* **Brief**
Your answer should hold only the lines from the one containing "Новым собственникам остаются" through the last line below, copied exactly; pictures stay out.

* **Stored data**
________________________________________
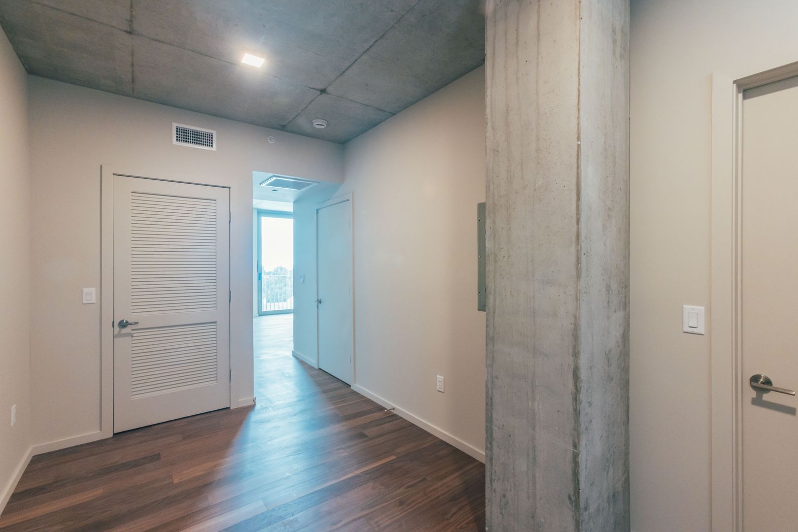 Designed by architect Jeff Svitak, Kaya features open-air walkways, illuminated glass-block corridors, and a lobby wrapped in Indonesian teak with curated art and custom furniture. Smart conveniences include community-wide WiFi, Latch keyless access, and water stations on every floor.
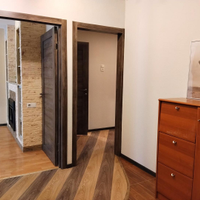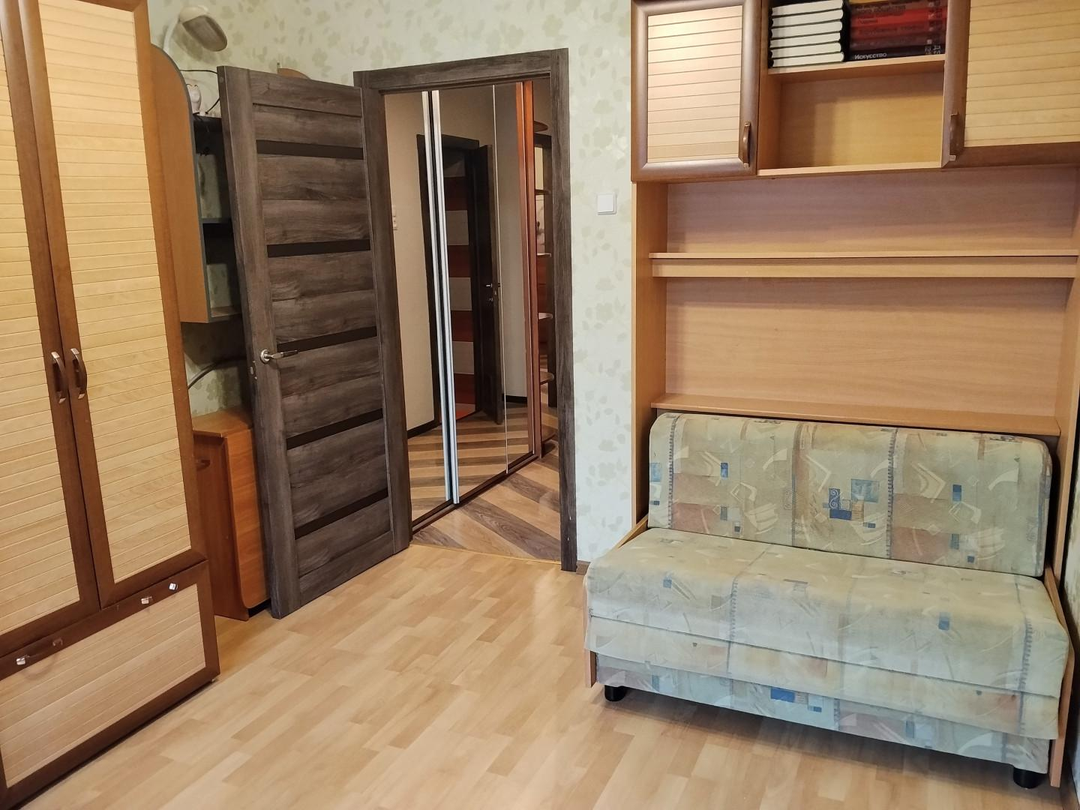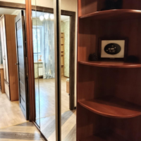 Новым собственникам остаются все предметы обстановки, отраженные на фотографиях (встроенные, платяные и книжные шкафы, два дивана (расположены в двух маленьких комнатах), телевизор и электрокамин в зале, накопительный бойлер на 150 литров в туалете).
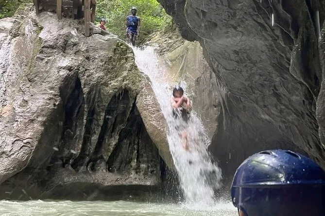 I’ll be honest: sliding down that first waterfall made my heart jump into my throat. You hear nothing but rushing water for a second, then you’re underwater, eyes stinging from the minerals (or maybe just surprise). There’s this earthy smell everywhere — mossy and fresh, not like chlorine pools back home. At one point I caught Hugo watching from above with this proud grin; he said later he always loves seeing people’s faces after that first drop. We stopped halfway for soda under some trees while trying to wring out our shirts — I still think about how sweet that tasted after all the splashing around.
________________________________________
* **Result**
 Новым собственникам остаются все предметы обстановки, отраженные на фотографиях (встроенные, платяные и книжные шкафы, два дивана (расположены в двух маленьких комнатах), телевизор и электрокамин в зале, накопительный бойлер на 150 литров в туалете).
 I’ll be honest: sliding down that first waterfall made my heart jump into my throat. You hear nothing but rushing water for a second, then you’re underwater, eyes stinging from the minerals (or maybe just surprise). There’s this earthy smell everywhere — mossy and fresh, not like chlorine pools back home. At one point I caught Hugo watching from above with this proud grin; he said later he always loves seeing people’s faces after that first drop. We stopped halfway for soda under some trees while trying to wring out our shirts — I still think about how sweet that tasted after all the splashing around.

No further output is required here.